» Problem to work on: Go through the data line by line. Copy each one holding the string "both".

» Excerpted records:
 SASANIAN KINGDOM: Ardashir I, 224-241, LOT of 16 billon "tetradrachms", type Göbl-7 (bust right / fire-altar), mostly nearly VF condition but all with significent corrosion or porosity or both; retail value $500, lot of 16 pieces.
--
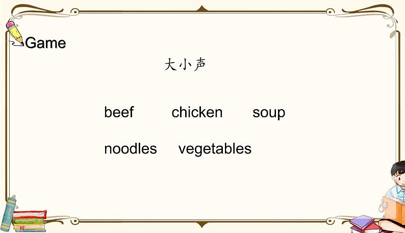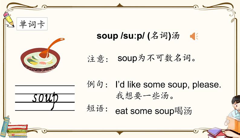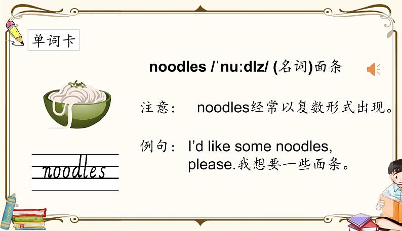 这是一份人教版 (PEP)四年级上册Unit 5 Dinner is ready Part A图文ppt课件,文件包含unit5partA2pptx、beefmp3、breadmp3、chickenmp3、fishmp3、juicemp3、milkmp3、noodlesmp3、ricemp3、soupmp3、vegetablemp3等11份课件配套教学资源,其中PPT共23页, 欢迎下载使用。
--
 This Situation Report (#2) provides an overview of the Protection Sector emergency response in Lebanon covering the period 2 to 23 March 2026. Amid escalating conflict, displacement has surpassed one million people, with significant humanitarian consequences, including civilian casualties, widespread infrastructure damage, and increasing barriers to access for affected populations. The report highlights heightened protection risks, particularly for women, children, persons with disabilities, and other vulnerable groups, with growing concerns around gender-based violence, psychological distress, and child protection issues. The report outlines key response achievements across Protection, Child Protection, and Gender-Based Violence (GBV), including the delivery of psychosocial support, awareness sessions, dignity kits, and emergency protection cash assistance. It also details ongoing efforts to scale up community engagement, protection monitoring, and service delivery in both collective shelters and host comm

» Task result:
 SASANIAN KINGDOM: Ardashir I, 224-241, LOT of 16 billon "tetradrachms", type Göbl-7 (bust right / fire-altar), mostly nearly VF condition but all with significent corrosion or porosity or both; retail value $500, lot of 16 pieces.
 This Situation Report (#2) provides an overview of the Protection Sector emergency response in Lebanon covering the period 2 to 23 March 2026. Amid escalating conflict, displacement has surpassed one million people, with significant humanitarian consequences, including civilian casualties, widespread infrastructure damage, and increasing barriers to access for affected populations. The report highlights heightened protection risks, particularly for women, children, persons with disabilities, and other vulnerable groups, with growing concerns around gender-based violence, psychological distress, and child protection issues. The report outlines key response achievements across Protection, Child Protection, and Gender-Based Violence (GBV), including the delivery of psychosocial support, awareness sessions, dignity kits, and emergency protection cash assistance. It also details ongoing efforts to scale up community engagement, protection monitoring, and service delivery in both collective shelters and host comm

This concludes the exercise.